The bartender laughs and she laughs and the bartender likes the way she laughs.
“That’s funny,” her companion says, dryly. Then, looking at his phone, “let’s wrap up here, I need to make a stop along the way.”
“Oh? Well then!” And glancing at the bartender she gives a generous smile.
Exiting the bar, she placed her arm in his and together they alighted into the evening.
“She walks in beauty, like the night,” Marianne said out of the blue, over lunch earlier that week.
“What is that supposed to mean?”
“Lord Byron, his poem ‘She walks in Beauty’. It reminds me of you.”
“Because I walk in beauty?”
“Because it is about death.”
“I remind you of death?”
“No, but that shroud you wear around certainly does. How is Mr. ------- anyways?”
It had been on a fine afternoon, after an impromptu invitation to come along sailing that she had met Marianne. A local actress/songstress/sailing novice – they hit it off after a thrilling recounting by Marianne of witnessing a botched sailboat docking.
“Biiiiiiiill! God Damn it, Bill! You’re coming in TOO HOT!” Marianne trilled, to raucous laughter. “TOO HOT! GOD DAMNIT, BILL – YOU’RE COMING IN TOO HOT!”
The climax of the reenactment and ultimate bond of friendship arrived with the description of the sound of Bill’s hull scratching against the slip he was coming too hot into.
“He’s fine. He’s good. We talked, earlier. We are having dinner soon.”
At that, Marianne arched an eyebrow at the word soon, knowing all too well what it meant.
“Do I know you?”
After leaving the first bar of the evening, she waited in another while her companion ran his errand. She turned to the woman adjacent to her at the bar, after admiring this woman’s friend’s tattoo.
“Charlie?” She said. “From the town?”
Yes, she did know her. She knew the same people. They discussed the commonalities of town life. They recalled the banalities of what is was to live in the town, what it was to grow up there, what it was to leave, the few besides them who had managed to make it out.
We should catch up soon was the promise they made to each other then and there. The promise made among those who know they will not keep it; the idea that we can hold onto the things around us, as if a solemn oath would make it true. They pledged these oaths and watched them slip away, like water through their hands.
The alarm rung at 7 AM the next morning and he bolted awake from the hotel bed they shared, he asleep all night, she not at all.
“Is everything OK?” she asked.
“Yes, I will be back.” He muttered something about a bad fight the night before. He needed to speak with her that morning.
The words died on her lips as she watched him dress and exit the room: “Should I go?”
She knew the answer, though he would never say it. She knew what to expect, the all too familiar pang of being left alone while a man returned to his life.
She was not upset that he left; she knew this was the routine.
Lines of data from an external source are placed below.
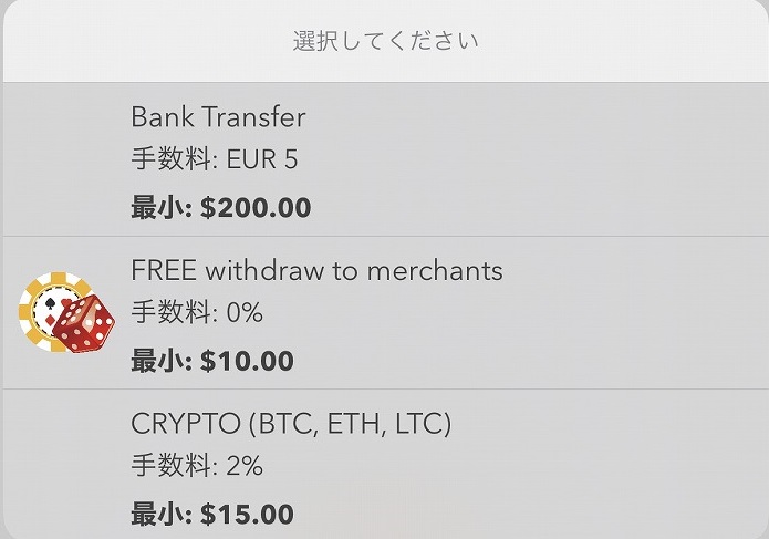 BTC(ビットコイン)で入出金すると手数料2%だけではなく、BTC送金手数料も発生するので高くつくので、送金手数料の安いXRPかLTCが好ましいです。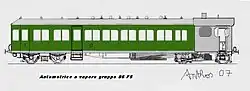 In 1904, two steam railcars were ordered from Purrey; classified as FS 80 these were withdrawn in 1913.[45] Sixty-five railcars, classified as FS 60, were purchased in 1905 to 1907, but found to be under-powered and sixteen were converted into locomotives.[53] At the 1906 Milan Fair an FS 85 (it) was exhibited and three were purchased by Kerr, Stuart and Company, followed by 12 also British built FS 86 (it).[54]
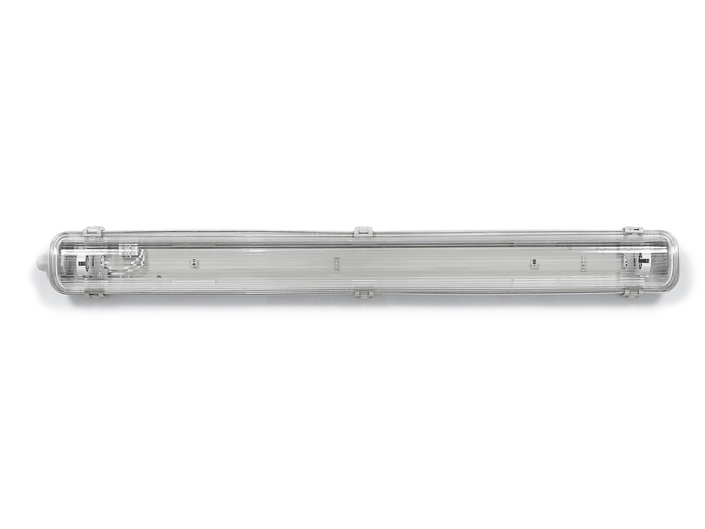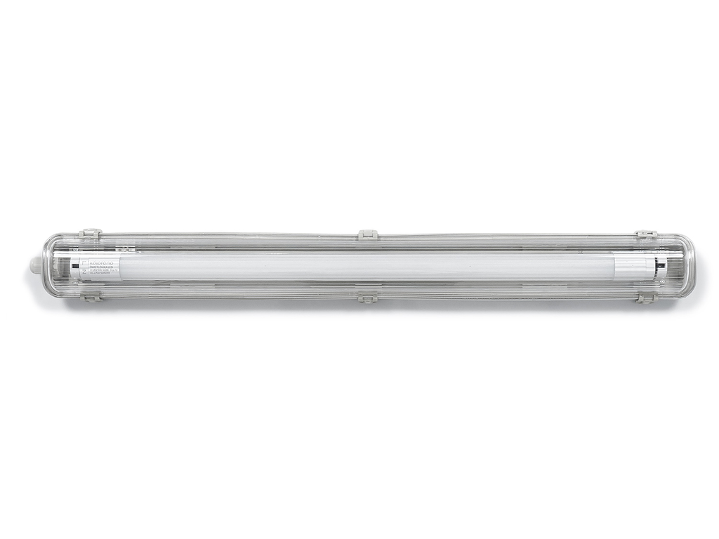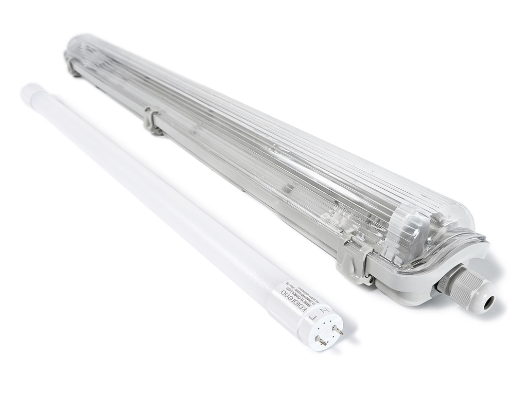 Oprawa hermetyczna IP65 1×60 cm w komplecie ze świetlówką LED o mocy 9W (800 lumenów) i białej neutralnej barwie światła. Komplet oświetleniowy o wszechstronnym zastosowaniu.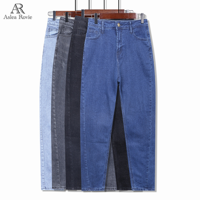 Jeans Woman High Waist Splice Plus Size Softener Zipper Mom Blue Black Full Length Denim Female Harem Pants 6xl 7xl 8xl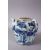 A 19TH/20TH CENTURY CHINESE BLUE AND WHITE TRANSITIONAL STYLE PORCELAIN TEAPOT, decorated with stylised flora, moulded handles and calligraphy, 13cm high, 15cm wide.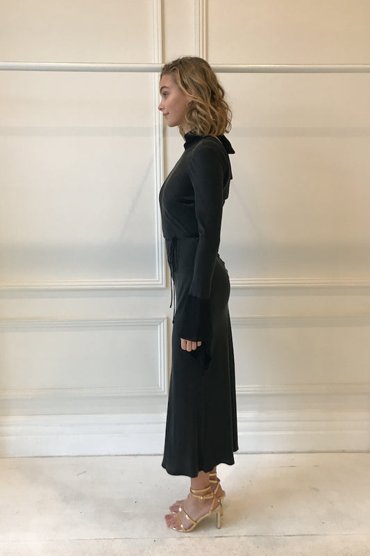 The Bec and Bridge Clara midi dress is a washed silk satin long sleeve bias cut midi dress. Crafted from 100% silk and features contrast silk georgette cuffs + neck tie, detachable thin rouleau tie at waist, cut on the bias for flattering fit and is bra friendly.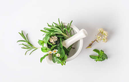 Medicinal herbs in mortar with pestle isolated on white background. Top view. Herbal medicine concept.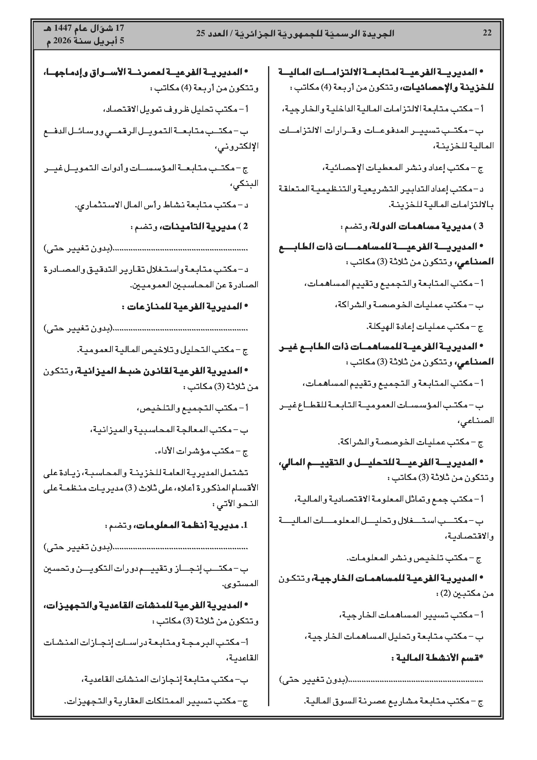 - تنظيم جديد للإدارة المركزية يشمل المديريات العامة للضرائب، الميزانية، الخزينة، والأملاك الوطنية.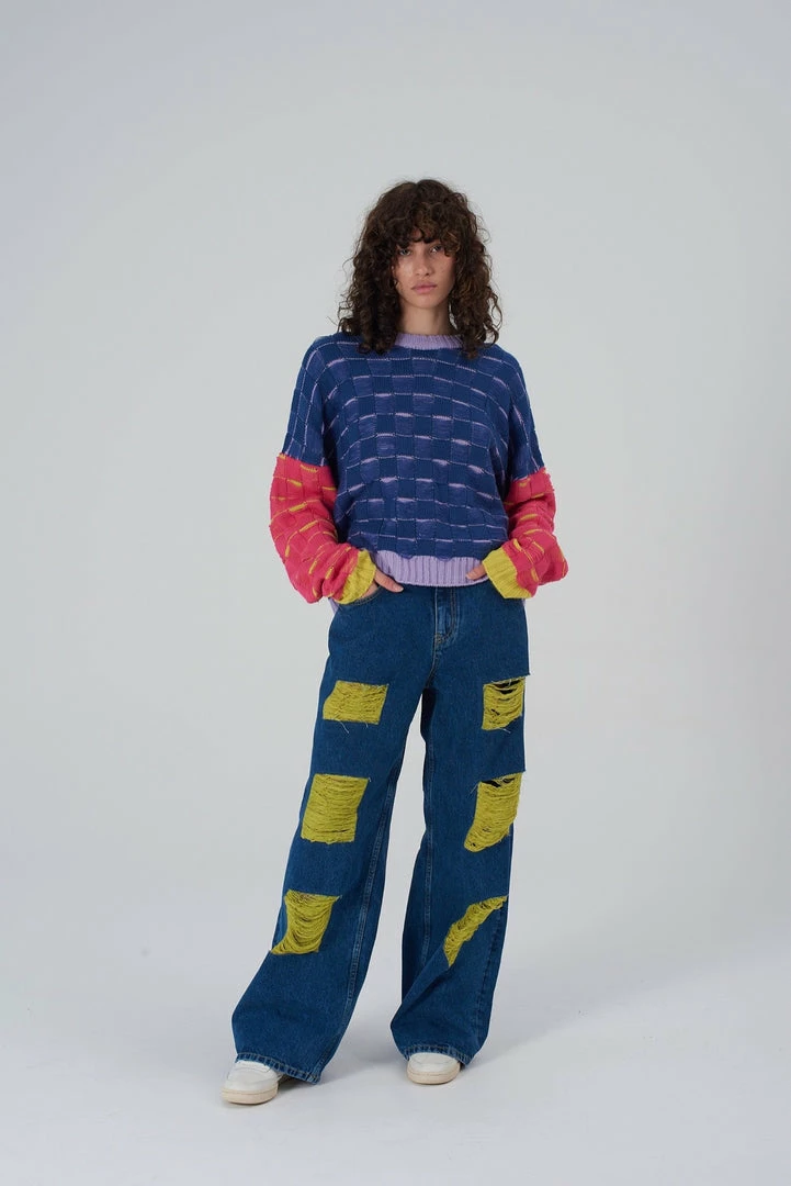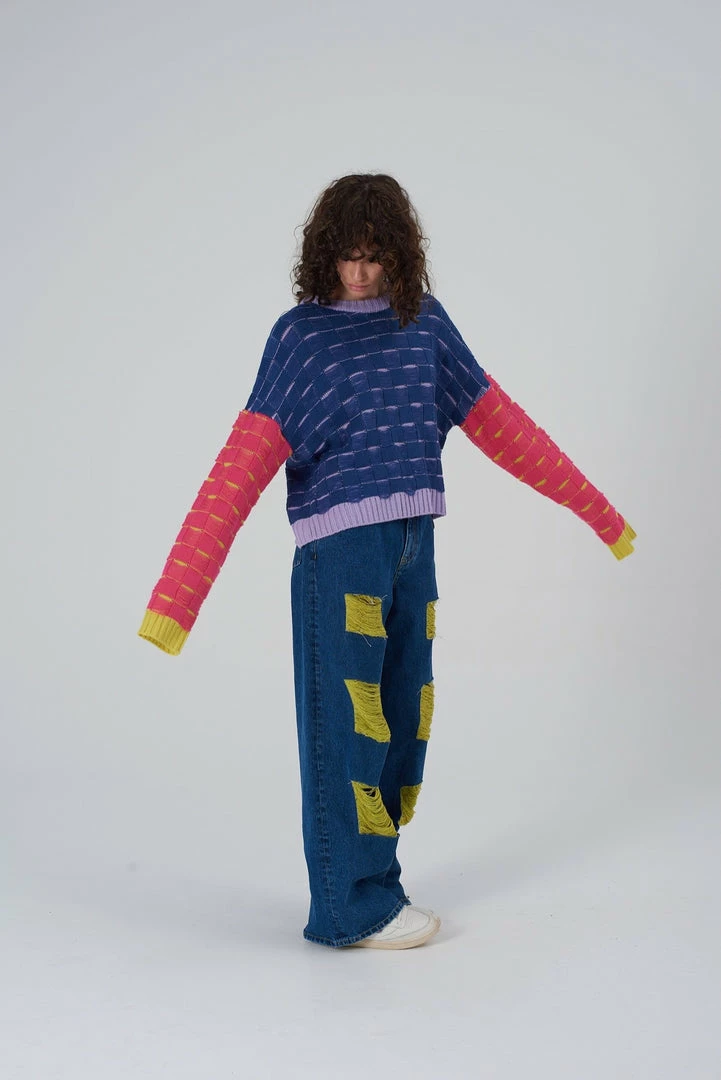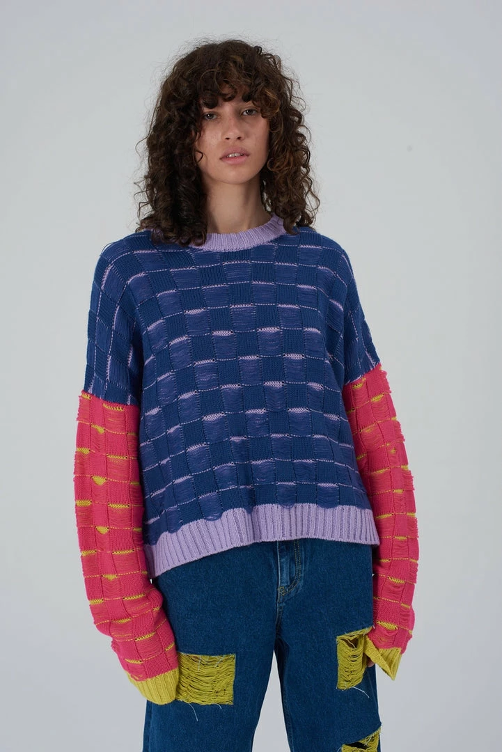 Ragged Jeans purple laddered checkerboard knit jumper.

She wondered why she put herself there and when, if ever, she would demand more; more of him, more of herself. She considered her life of dinners to hotel rooms to surreptitious weekends out of town. She asked herself what is enough and, inwardly, what is not enough.
She applied her lipstick and walked out the door.
She lay down on her bed, facing the ceiling, with her legs over the edge of the mattress and recalled the evening’s events. She found herself back in the room high above the streets of the city, the music and dancing and smoke swirling about her as she drifted through the crowd reimagined. She saw herself dancing on the table, the hem of her gown rippling across the lacquered finish, laughter rising gaily around her as she continues past the bar, beyond the billiards table where an animated game is taking place, to the end of the room where a piano sits. On the piano rests a glass of scotch and a lit cigar waiting for their patron. She takes a seat upon the bench and lightly touches the keys. The billiards players and dancers melt away with each successive meter. The din of the room fades along with the record player, leaving only the melodic notes of the piano. A hand reaches for the scotch and someone takes the seat beside her.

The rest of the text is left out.